Она несколько раз беззвучно открыла и закрыла рот.
– Сволочь, негодяй! Подлец, – покачнувшись, она прислонилась к моей пылающей голове – нашла себе опору в высоковольтных проводах. Моя небритая рожа с наслаждением ткнулась во французскую грудь. Женские ароматы закружили давно не тренированную голову, волосы шевелились, ее взволнованное дыхание щекотало затылок, как ураган лесную сопку.
– Там даже описан вот этот наш прощальный разговор.
– Я люблю тебя.
– И это есть. И есть, что за этим последует. Сейчас начнется.

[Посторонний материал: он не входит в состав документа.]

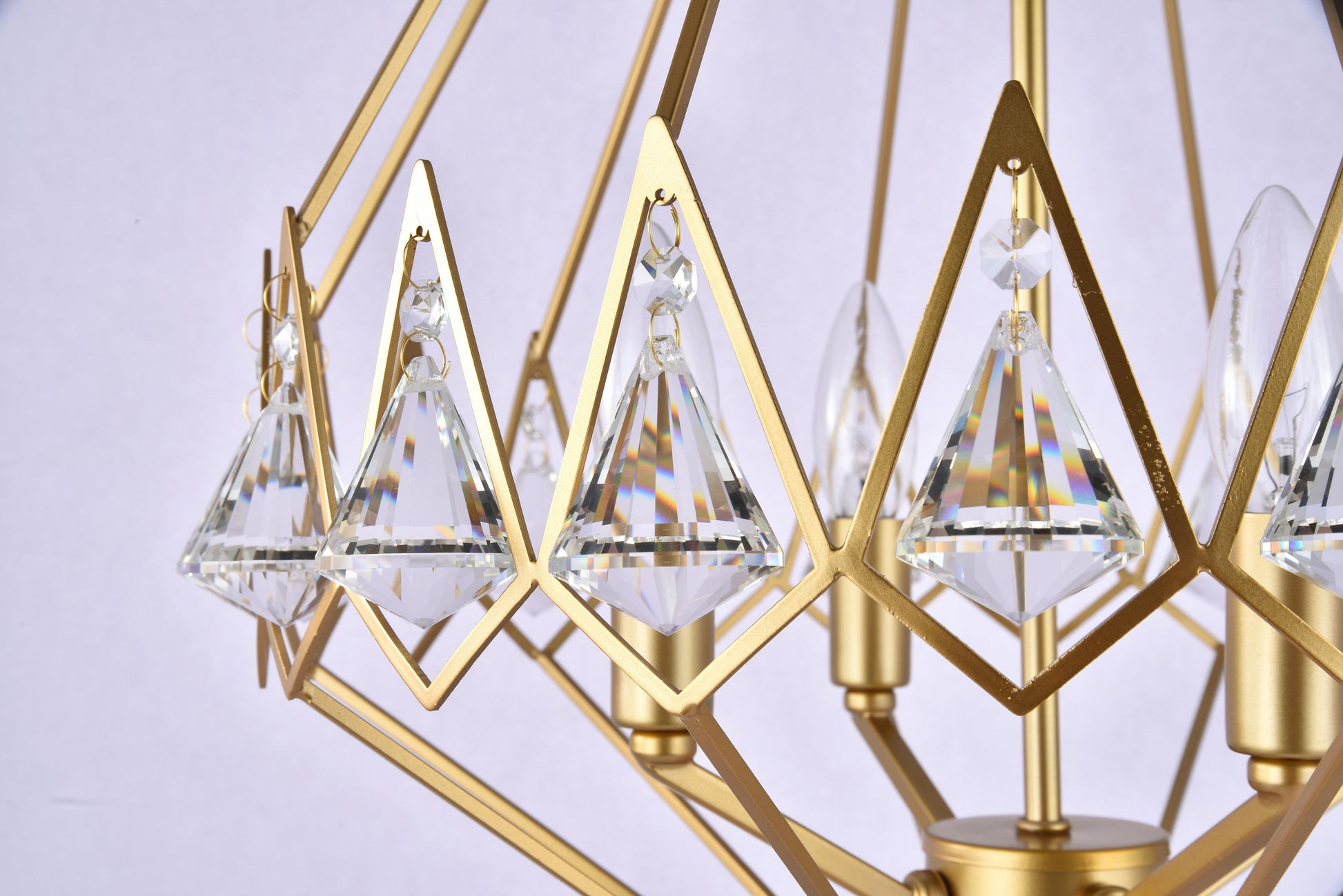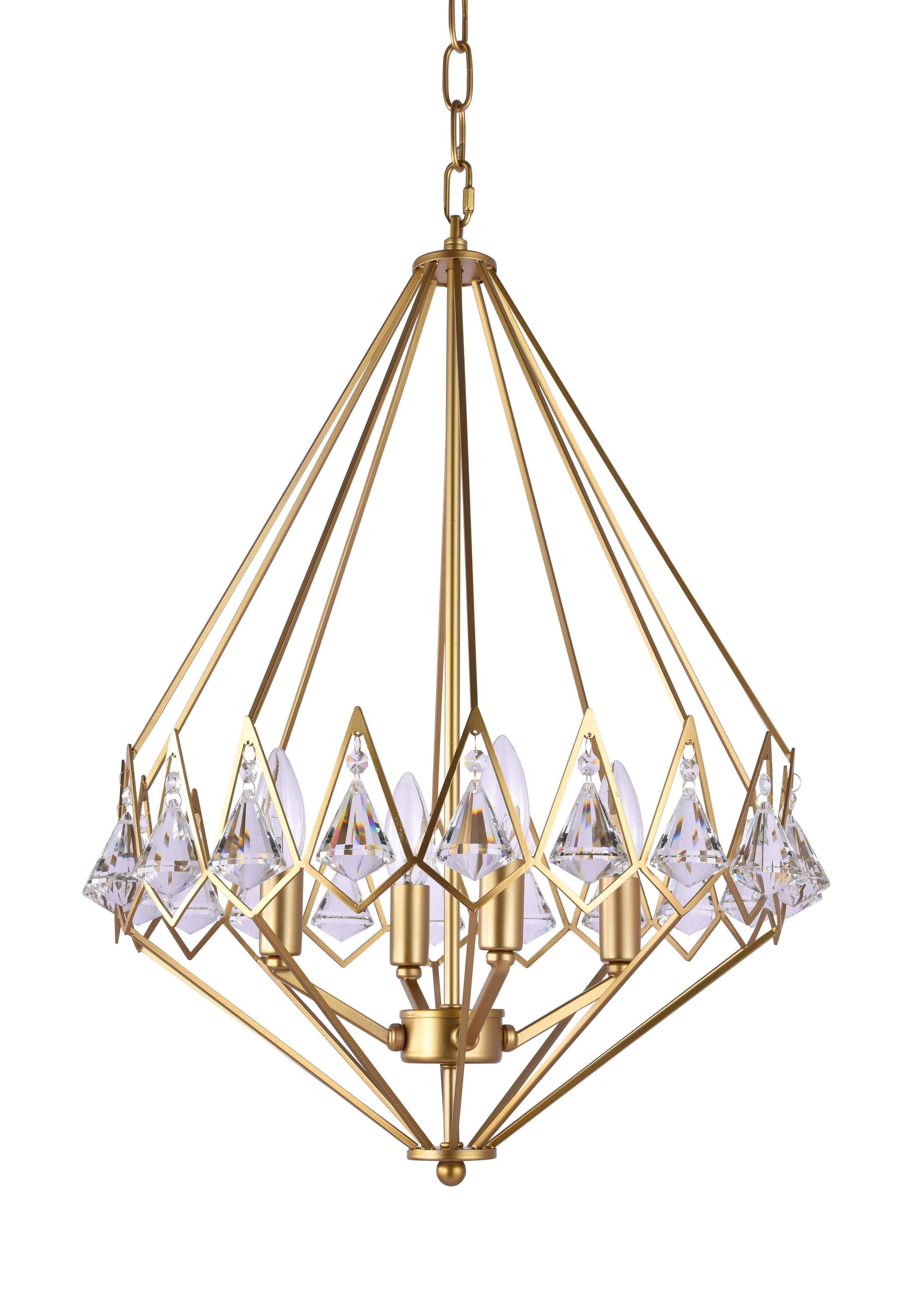 This chandelier is in a gold finish. The shape of this fixture looks like a diamond. It comes with crystal accents in clear color..

– Что начнется? – томно спросила она, собираясь присесть на мои колени. – Это?
– Ошибся, значит. Извини.
– А что начнется? Скажи.
– Твоя истерика.
– Дудки! – она подпрыгнула и отпрянула, как от прокаженного. Вот что за прелесть эта Пума. Ловит идеи на ходу, где я такую найду. Она поправила платье с таким невинным видом, как будто тут сидела банда уголовников. – Это все, что ты можешь сказать?
Холодно спросила, эмоций не хватает. Сейчас добавим.
– В романе нет только Эпилога, – я смиренно смотрел в пол. – Читателю будет интересно знать, что стало с героями. Не беда, сами напишете.
– Что предлагаешь?
– Напишите коротко, почти документально. Драме дали вышку. Пума получила наследство, уехала в Америку, вышла замуж за крупного негра, живут хорошо, он старается. Иногда она вспоминает родной город, несчастного Драму, немного грустит.
– Я тебя вытащу!
А куда она денется.
– И все испортишь, – я равнодушно пожал плечами. – Тогда придется застрелиться…
Из глаз ее хлынули слезы, она замотала головой, волосы растрепались на ветру, из груди вырвался скрипучий звук. Началась истерика.
Эпилог
Встает с одра
Мазепа, сей страдалец хилый,
Сей труп живой, еще вчера
Стонавший слабо над могилой.
«Полтава». Пушкин.
Редактор задумчиво полистал рукопись, лежавшую перед ним, и поверх очков воззрился на посетителя. Перед ним в потертом костюме стоял очень худой мужчина, среднего роста, с рыжеватой бородкой.
– Что же, не буду скрывать, я с интересом прочел ваш… труд. Это ваша первая работа?
Посетитель молча кивнул, сжимая в руках полиэтиленовый сверток. Редактор сложил губы трубочкой, словно хотел сыграть мелодию, снисходительно помолчал.
– Для первого раза неплохо. Вы что-нибудь заканчивали?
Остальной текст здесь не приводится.